> Description of the task
Exactly the lines from the one containing "По факту происшествия" through the one containing "Gladden your customers" in the listing below are to be copied, with the pictures left out.

> Records for processing
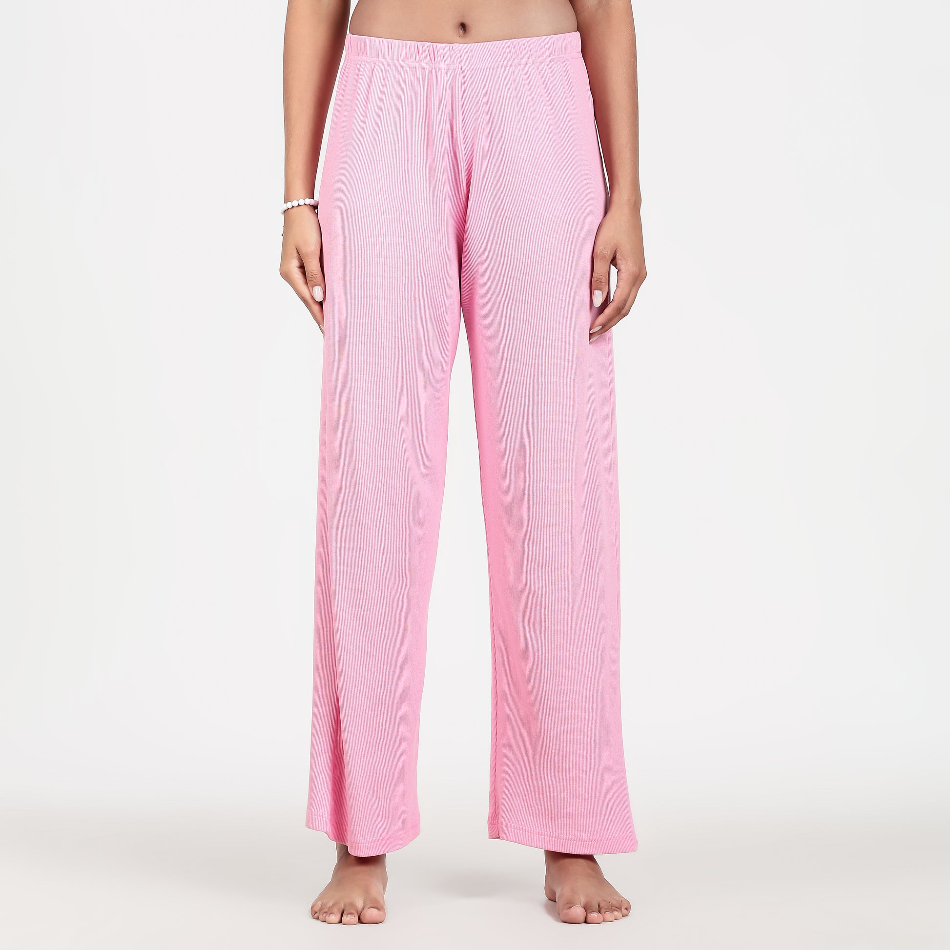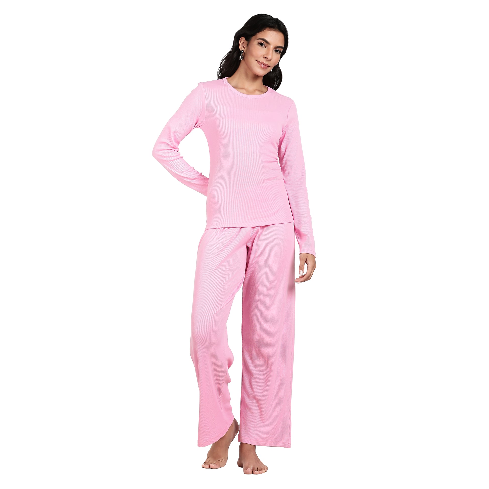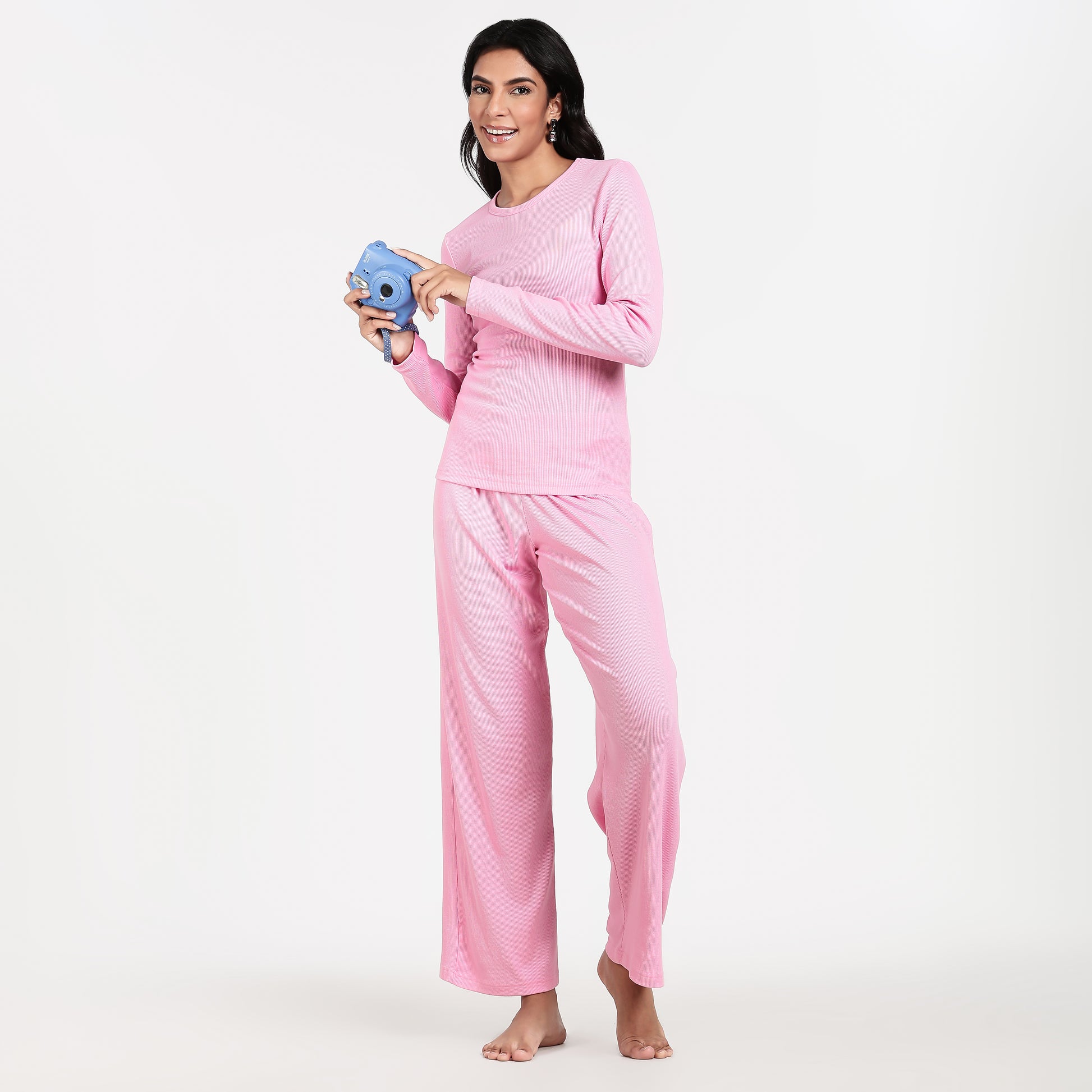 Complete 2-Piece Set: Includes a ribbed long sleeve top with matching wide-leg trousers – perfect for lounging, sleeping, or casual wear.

* * *

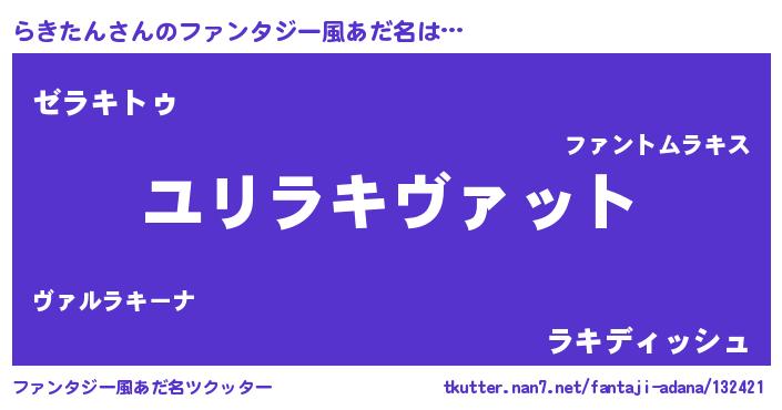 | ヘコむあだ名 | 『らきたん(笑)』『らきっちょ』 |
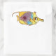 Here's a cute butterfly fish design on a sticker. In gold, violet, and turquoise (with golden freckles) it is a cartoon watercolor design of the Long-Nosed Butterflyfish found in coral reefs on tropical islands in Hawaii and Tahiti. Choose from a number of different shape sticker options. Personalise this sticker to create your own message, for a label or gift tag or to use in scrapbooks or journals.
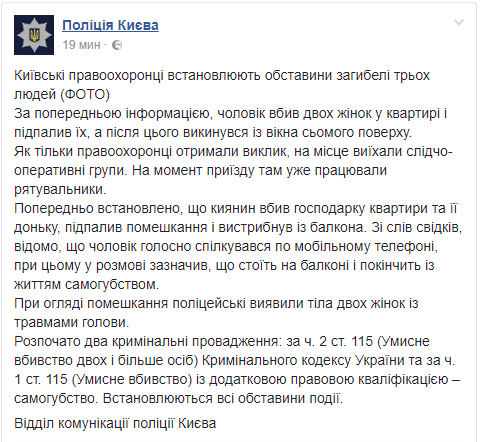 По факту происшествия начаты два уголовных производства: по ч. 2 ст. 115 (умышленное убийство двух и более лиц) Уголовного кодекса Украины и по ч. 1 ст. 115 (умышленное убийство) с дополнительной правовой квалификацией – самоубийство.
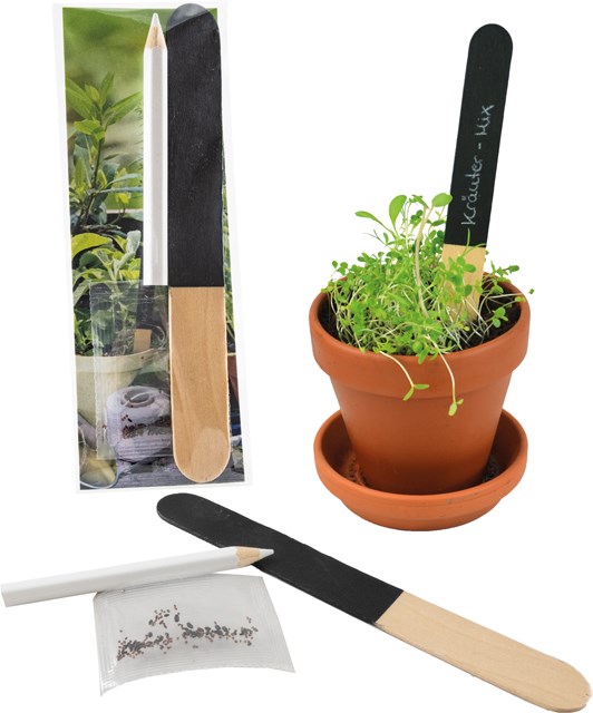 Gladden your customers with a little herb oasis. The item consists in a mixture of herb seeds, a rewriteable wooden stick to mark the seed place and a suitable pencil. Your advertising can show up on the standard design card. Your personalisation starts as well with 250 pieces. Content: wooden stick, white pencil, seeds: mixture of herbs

> Final answer
 По факту происшествия начаты два уголовных производства: по ч. 2 ст. 115 (умышленное убийство двух и более лиц) Уголовного кодекса Украины и по ч. 1 ст. 115 (умышленное убийство) с дополнительной правовой квалификацией – самоубийство.
 Gladden your customers with a little herb oasis. The item consists in a mixture of herb seeds, a rewriteable wooden stick to mark the seed place and a suitable pencil. Your advertising can show up on the standard design card. Your personalisation starts as well with 250 pieces. Content: wooden stick, white pencil, seeds: mixture of herbs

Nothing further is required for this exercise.